For segmentation, it is recommended to use external segmentation tools such as Cellpose or Ilastik. However, for demonstration purposes, this tutorial uses a simple watershed segmentation method. This method is effective for segmenting nuclei in well-separated cells and includes the following steps:

Extract a first cycle from the sequential Hoechst image.
Apply Gaussian blur to reduce noise and enhance nuclei boundaries.
Binarize the image to create a mask.
Perform watershed segmentation to identify individual nuclei.
Refine the segmentation results by merging split labels and filling small holes.
Save the segmentation results to a CSV file for downstream analysis.

The following code demonstrates the segmentation process:

# Select the slice from Hoechst in first cycle
mf.segment.select_slice(zarr_path, "hcst_mip_reg",
                        "cycle", 0, None, "_slc")

# Smooth the image of the nuclei using Gaussian blur
mf.process.gaussian_blur(zarr_path, "hcst_mip_reg_slc", 2)

# Binarize the image
mf.process.binarization(zarr_path, "hcst_mip_reg_slc_gbr", 110)

# Perform segmentation using the watershed method
mf.segment.watershed_label(zarr_path, "hcst_mip_reg_slc_gbr_bin", 50)

# Merge the segmentation results
mf.segment.merge_split_label(zarr_path, "hcst_mip_reg_slc_gbr_bin_wts")

# Fill holes in the segmentation results
mf.segment.fill_holes(zarr_path, "hcst_mip_reg_slc_gbr_bin_wts_msl")

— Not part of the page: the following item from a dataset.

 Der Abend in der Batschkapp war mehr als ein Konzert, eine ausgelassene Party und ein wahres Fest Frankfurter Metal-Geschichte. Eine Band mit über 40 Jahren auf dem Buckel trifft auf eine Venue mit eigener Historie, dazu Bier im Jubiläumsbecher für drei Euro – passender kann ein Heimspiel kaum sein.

# Save the segmentation label information to a CSV file
mf.segment.info_csv(zarr_path, "hcst_mip_reg_slc_gbr_bin_wts_msl_fil", pitch[1:])

Spot detection

RNA spot detection in MEGA-FISH involves two main steps: applying a Difference of Gaussians (DoG) filter to enhance spot-like structures and detecting local maxima to identify potential RNA spots. Below is an example workflow.

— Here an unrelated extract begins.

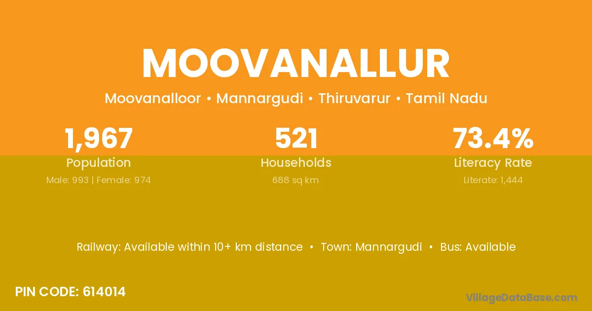 Moovanallur village has a total population of 1,967 people, of which 993 are males and 974 are females.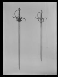 | Keywords: Svärdfejare, värja - Livrustkammaren - 126.tif LSH artwork sv Fäste av stål med påslaget silver i form av yttäckande mönster av rank- och figurmotiv silvret med spår av förgyllning Knapp stor nötformig något avsmalnande uppåt och med ovalt tvärsnitt nitknapp platt tämligen stor Pareranordning bestående av öppen handbygel med inåt-nedåböjd rundad övre ände och med två sidobyglar utgående åt vardera ut- och insidan stora S-svängda parerstänger höga fingerbyglar förenade nedtill med en tvärbygel omfattande en genombruten parerplåt ej autentisk Av de från handbygeln utgående sidobyglarna övergår den på utsidan i höjd med krysset i en tvärbygel som bågformig ansluter nedåt till utsidan av fingerbyglarnas nederändar Den inre sidobygeln övergår nedtill i tre sidospänger varav den främre ansluter till nederdelen av den främre fingerbygeln och de två andra till nederdelen av den bakre fingerbygeln <br/>Kaveln lindad med tunn mässingstråd omväxlande slät och tvinnad lindningen ej autentisk <br/><br/>Klinga rak och tämligen bred tvåeggad flackslipad Utan ricasso baspartiet innan förfingerbyglarna eggslipat Starka delens utsida med påslagen ornering i orientalisk stil av bladrankor i guld och silver guldet i två nyanser original caption svärdfejare värja - LRK 6361 ca other date - 1500 1600 steel b12 - blankvapen - fäste och klinga material stål - gold b5 - blankvapen - klingdekor material guld - silver b45 - blankvapen - fäste och klingdekor material silver size mm 975 size mm 220 size mm 817 klinga size mm 44 klinga g 1790 LRK Gustav II Adolf av Sverige Gustav II Adolf Minnesutställning 1932 1932 Gustav II Adolf 350 år efter Lützen 1982-1984 place of origin original filename LN_A01260_001260 41651 inventory number LRK 6361 126 CC0 Svärdfejare värja - Livrustkammaren - 126-negative tif <gallery caption Different images of same object > File Svärdfejare värja - Livrustkammaren - 105 tif File Svärdfejare värja - Livrustkammaren - 77149 tif File Värja - Livrustkammaren - 25691 tif File Svärdfejare värja - Livrustkammaren - 127 tif </gallery> Rapier images from Livrustkammaren Full hilt swords images from Livrustkammaren Media contributed by LSH unmatched material Media contributed by LSH dim-with multiple size templates Media contributed by LSH 2014-06 |

Apply DoG filter and detect local maxima

This step enhances spot-like features using a DoG filter and identifies potential RNA spots based on local maxima detection.

NA = 1.4 # Numerical Aperture of the objective
wavelengths_um = [0.592, 0.671] # Emission wavelengths in micrometers
mean_pitch_yx = (pitch[1] + pitch[2]) / 2 # Average pixel size in the XY plane

group_names = ["rna1_mip_reg", "rna2_mip_reg"]
for group_name, wavelength_um in zip(group_names, wavelengths_um):
    dog_sd1, dog_sd2 = mf.seqfish.dog_sds(NA, wavelength_um, mean_pitch_yx)
    mf.seqfish.DoG_filter(zarr_path, group_name, dog_sd1,
                        dog_sd2, axes=(1, 2), mask_radius=9)

group_names = ["rna1_mip_reg_dog", "rna2_mip_reg_dog"]
for group_name, wavelength_um in zip(group_names, wavelengths_um):
    footprint = mf.seqfish.local_maxima_footprint(
        NA, wavelength_um, mean_pitch_yx)
    mf.seqfish.local_maxima(
        zarr_path, group_name, footprint, axes=(1, 2))

Set intensity thresholds for detected spots

To filter out false positives, apply intensity thresholds to the detected local maxima.

groups = ["rna1_mip_reg_dog_lmx", "rna2_mip_reg_dog_lmx"]
thrs = [2.8, 1] # Intensity thresholds for each channel
for group, thr in zip(groups, thrs):
    mf.seqfish.select_by_intensity_threshold(zarr_path, group, threshold=thr)

Generate the cell-by-gene expression matrix

Aggregate the RNA spot counts across all channels and segments to create a cell-by-gene expression matrix. The final output is saved as a CSV file.

groups = ["rna1_mip_reg_dog_lmx_ith", "rna2_mip_reg_dog_lmx_ith"]
for group in groups:
    mf.seqfish.count_spots(zarr_path, group,
                        "hcst_mip_reg_slc_gbr_bin_wts_msl")

# Summarize counts across all channels and save the cell-by-gene expression matrix
groups = ["rna1_mip_reg_dog_lmx_ith_cnt",
        "rna2_mip_reg_dog_lmx_ith_cnt"]
group_seg = "hcst_mip_reg_slc_gbr_bin_wts_msl_seg"
channels = [2, 3]
genename_path = "/home/UserName/megafish_sample/getting_started/IMR90_SeqFISH_genename.csv"
group_out = "rna_cnt"
mf.seqfish.count_summary(
    zarr_path, groups, group_seg, group_out, channels, genename_path)

Note:

The NA and wavelengths_um parameters should match the imaging system used to acquire the data.
Intensity thresholds (thrs) may need to be adjusted depending on the dataset to optimize spot detection.
The final CSV file contains the cell-by-gene expression matrix, integrating data across all channels. This matrix can be used for downstream analysis, such as differential gene expression or clustering.